Saturday, October 07, 2006

Day 48

Mum's coming to rescue me...AGAIN.

How much of a failure do I feel? She will be here at 1pm and then we are heading straight to the Highlands. I am taking the hamster because I am a very bad hamster mother. I have neglected my charge since the madness/sickness set in. I am also a very bad person for not being able to cope on my own. I am also very bad for not being able to keep my appointmnet with my shoutey CPN on Monday because I won't be here. Fucking stupid piece of crap system.

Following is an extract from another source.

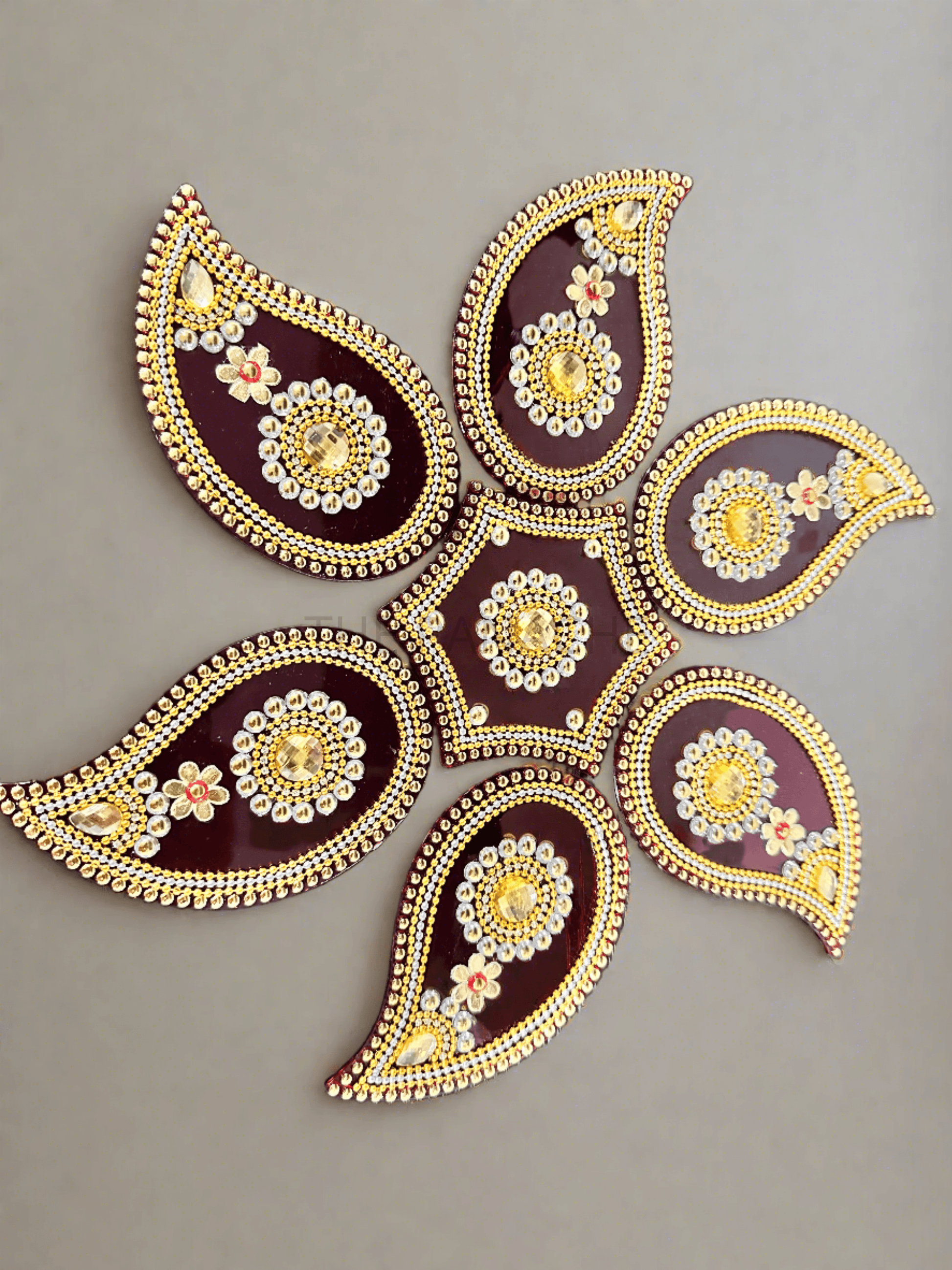 Picture the vibrant red base of the rangoli, symbolizing passion, energy, and vitality, serving as the canvas for the exquisite gold work. The ambiya shape, inspired by the mango motif, represents abundance, fertility, and auspiciousness in Indian culture, infusing the design with layers of symbolism and cultural significance.

Somone who is on the 'severe mental health illness register' or whatever the fuck it is called, calls an emergency service at night saying she has just self harmed and she needs to know what medication to take to calm things down. She doesn't call her mum because she feels bad that she keeps having to call her - so she calls the number she's been given for emergencies. The CPN on duty at the end of the emergency number doesn't know what medication I can take. He asks if he can call me back. In the meantime I kill myself. Well, no I didn't actually but I nearly gave myself a new haircut with my razor.

The doctor (house visit) yesterday reckons I did have a virus after all and she reckoned the sick/faint thing was due to lack of nutrition - because I was feeling so sick and I couldn't eat and then because I couldn't eat I felt sick. She gave me a freaking suppository for the nausea. At least she left me to 'insert' it by myself.

So still feeling sick and wobbly and my hand hurting like hell, I await the return of my maman. Crap.